Secondly, one of the major problems that has been identified by health think tanks is that it’s not clear what problem the reorganisation is actually meant to solve, or indeed, how the reorganisation is meant to solve it. The Government claims it is to unify the different strands of the response to the coronavirus pandemic, but why this unification is so important when they seem to be working well enough right now is not as clear. If you don’t have a defined problem to solve, then you are likely to end up causing yourself more trouble down the line. In this case, that may be doubly the case. PHE does not only deal with pandemics, but also handles a wide variety of other public health issues and campaigns. Where do they sit within the new infrastructure? A consultation could help clarify these issues, not only because they would have to be somewhat clarified for the Government to make their pitch for support in the consultation, but also because if it wasn’t clear, then consultees could identify that and respond to it.

The lack of consultation also cuts out those with more experience on the subject area. A fundamental reorganisation of public healthcare should necessarily carry with it (at the best of times, let alone now) a need for a better evidential base than a minor change of rules, a base that can best come from the doctors, nurses and academics doing the work. With no real knowledge of how this new policy has been arrived at, how can we be sure that the Government has taken into account all the major and minor considerations? If the public does not have the reassurance, that a consultation could provide, then will they have confidence in the change?

Fourthly, it removes important democratic safeguards. The announcement was made to a thinktank and not before Parliament, something which is bound to ruffle feathers. Sir Lindsay Hoyle, the Speaker of the House of Commons has already given the Government short shrift several times for making major policy announcements before Parliament has the opportunity to even debate them. Parliament is presently in recess, and due to return on 1st September, but it seems difficult to believe that the change is sufficiently necessary that it couldn’t have waited until then. There has already been protest amongst both MPs and Peers that the Government is cutting them out of decision-making by publishing regulations so that they cannot be debated. Sparks are surely going to fly over this.

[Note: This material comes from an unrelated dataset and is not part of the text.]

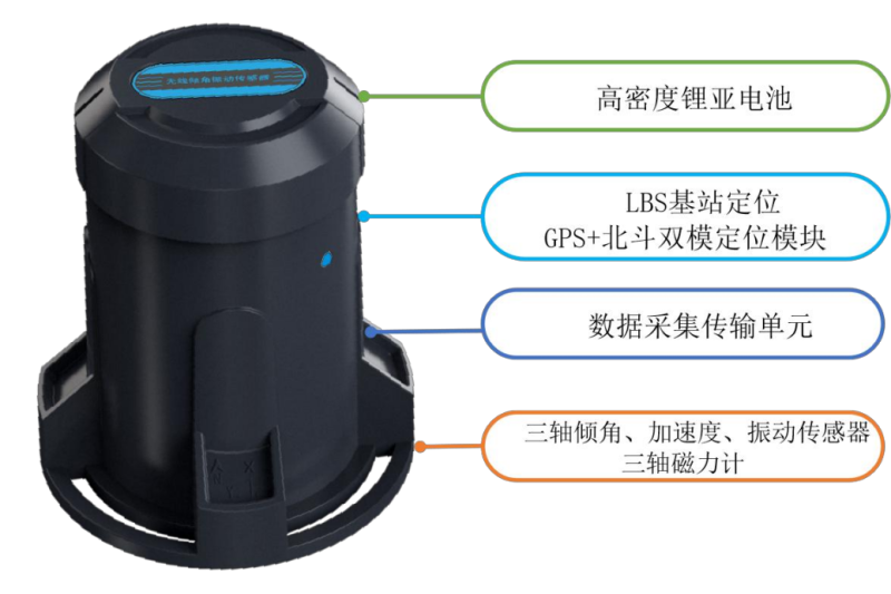 同时采集三轴倾角、倾斜角、方位角、振动频率、振幅、电池电压、环境温度、定位信息等要素,大幅增加采集数据相关性,便于后续数据分析;

Perhaps the most stark reason that this decision should probably have been made with consultation is that we cannot afford to get this wrong. Coronavirus is not gone. Although it has been pushed back, local lockdowns are still in place, with more in the offing. If we trip up now, then all the good work and hard times that have passed over the last five months could be for nothing. Consultation is not a panacea. But it could help to reduce the risk of a policy going horribly wrong. I do realise that the tone around this decision has been very negative. It is entirely possible that this won’t go wrong, that the reorganisation will happen and everything will run smoothly. But it’s a big risk. Restructuring of major public infrastructure always is. All hands are very much still needed at the coronavirus pumps.

One of the key reasons we consult is to make better decisions. This is particularly pertinent when it comes to big decisions that could have far ranging impacts upon a large number of people. At this moment in time, it is perhaps hard to think of a bigger decision than the protection of public health, or one that affects so many people. In light of that, it would perhaps have been desirable for this decision not to have been taken in the manner that it has, but rather to have been arrived at and developed after consultation, in order to ensure that it was being taken for the right reasons, in a manner that maintained public and professional confidence, and that, if it were to go wrong, would have the minimum possible negative impact.